[LLVMdev] What would LLVM need to do this optimization?

Mon Nov 10 15:39:15 PST 2008

I have a simple test .ll file that does something like..

int i = 0;
if (argc < 1) i++; else i = foo(i);
if (argc < 2) i++; else i = foo(i);
if (argc < 3) i++; else i = foo(i);
if (argc < 4) i++; else i = foo(i);
return i;

It gets optimized to just..

return 4;

opt -atomic-region-clone -mem2reg -predsimplify -simplifycfg -instcombine

.. where -atomic-region-clone is a pass I've written (-mem2reg to
clean up the PHIs I reg2mem'd). My pass inserts a custom atomic_begin
instruction and a couple intrinsics to help start/rollback a region of
code.

The optimized .ll code is roughly..

entry:
  ; start an atomic region at %atomic, rollback to %original_code
  atomic_begin label %atomic, %original_code
atomic:
  %c = icmp slt i32 %argc, 1
  br i1 %c, label %done, label %abort
done:
  call void @llvm.atomic.end( )
  ret i32 4
abort:
  ; undo all work since atomic_begin and continue at %original_code
  call void @llvm.atomic.abort( )
  unreachable
original_code:
  ; the original compiled method

A few things happening with each optimization pass:
1) -atomic-region-clone duplicates the method and removes untaken
branches (the foo() cases)
2) -predsimplify propagates the "i must be less than 1" information
and gets rid of comparisons
3) -simplifycfg eliminates the newly created "br i1 true" branches
4) -instcombine sees a sequence of 0 + 1 + 1 + 1 + 1 and makes it 4

The optimizations are run on both original_code and the atomic code,
but there's still a huge mess in original_code. (I've attached the
original and optimized output for those curious.) Just for fun, I ran
things with -std-compile-opts and it wasn't much better.

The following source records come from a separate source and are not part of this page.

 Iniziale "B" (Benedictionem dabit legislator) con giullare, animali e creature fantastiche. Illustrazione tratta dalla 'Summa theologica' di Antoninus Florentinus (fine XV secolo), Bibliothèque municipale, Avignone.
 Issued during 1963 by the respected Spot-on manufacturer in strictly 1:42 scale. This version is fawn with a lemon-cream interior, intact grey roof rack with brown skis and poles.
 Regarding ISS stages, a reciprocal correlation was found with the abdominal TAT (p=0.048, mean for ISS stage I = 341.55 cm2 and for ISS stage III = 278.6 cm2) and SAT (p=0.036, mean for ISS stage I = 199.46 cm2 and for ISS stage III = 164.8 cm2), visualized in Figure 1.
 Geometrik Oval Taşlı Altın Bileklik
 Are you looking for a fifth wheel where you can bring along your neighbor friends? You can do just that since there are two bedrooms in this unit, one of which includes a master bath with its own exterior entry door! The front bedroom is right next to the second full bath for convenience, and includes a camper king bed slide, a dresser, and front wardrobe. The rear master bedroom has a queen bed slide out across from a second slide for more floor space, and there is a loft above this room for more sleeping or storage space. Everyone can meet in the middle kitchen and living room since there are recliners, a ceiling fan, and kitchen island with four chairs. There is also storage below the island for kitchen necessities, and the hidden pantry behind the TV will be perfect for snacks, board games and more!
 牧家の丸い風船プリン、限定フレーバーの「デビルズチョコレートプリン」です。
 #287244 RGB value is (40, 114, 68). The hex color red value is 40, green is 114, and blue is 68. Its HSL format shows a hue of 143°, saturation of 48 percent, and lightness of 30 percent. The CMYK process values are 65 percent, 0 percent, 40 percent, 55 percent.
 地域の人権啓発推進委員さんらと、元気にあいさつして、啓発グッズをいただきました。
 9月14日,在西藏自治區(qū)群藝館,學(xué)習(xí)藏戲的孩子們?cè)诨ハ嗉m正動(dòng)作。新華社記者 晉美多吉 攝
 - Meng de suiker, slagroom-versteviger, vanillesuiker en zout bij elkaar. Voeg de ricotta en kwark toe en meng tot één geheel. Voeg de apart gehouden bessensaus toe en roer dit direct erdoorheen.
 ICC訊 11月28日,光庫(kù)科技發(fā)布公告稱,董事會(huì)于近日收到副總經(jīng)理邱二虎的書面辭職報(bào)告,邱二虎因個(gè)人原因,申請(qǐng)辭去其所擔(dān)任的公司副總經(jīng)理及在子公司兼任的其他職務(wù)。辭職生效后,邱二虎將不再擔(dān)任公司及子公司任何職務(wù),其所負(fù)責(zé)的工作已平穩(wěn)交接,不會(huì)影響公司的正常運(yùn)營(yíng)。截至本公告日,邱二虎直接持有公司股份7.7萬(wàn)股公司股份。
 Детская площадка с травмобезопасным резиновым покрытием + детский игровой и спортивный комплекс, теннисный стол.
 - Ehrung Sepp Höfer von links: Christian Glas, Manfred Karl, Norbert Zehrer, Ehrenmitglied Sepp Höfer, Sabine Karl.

But back to the original question.. what would LLVM need to do this
without the -atomic-region-clone pass that uses hardware support for
rollback. The resulting optimized code doesn't have very much in the
atomic region -- just a compare and branch. (Arguably the compare
could be shared across the atomic and original_code perhaps by PRE.)
So it's not like the hardware is being used much in this case to undo
much/any work at all.

Is there current work towards something that can do this kind of
optimization? Seems like something to do with the profiling interface
for feedback directed optimizations, but last I heard there hasn't
been much activity there.. ?

Ed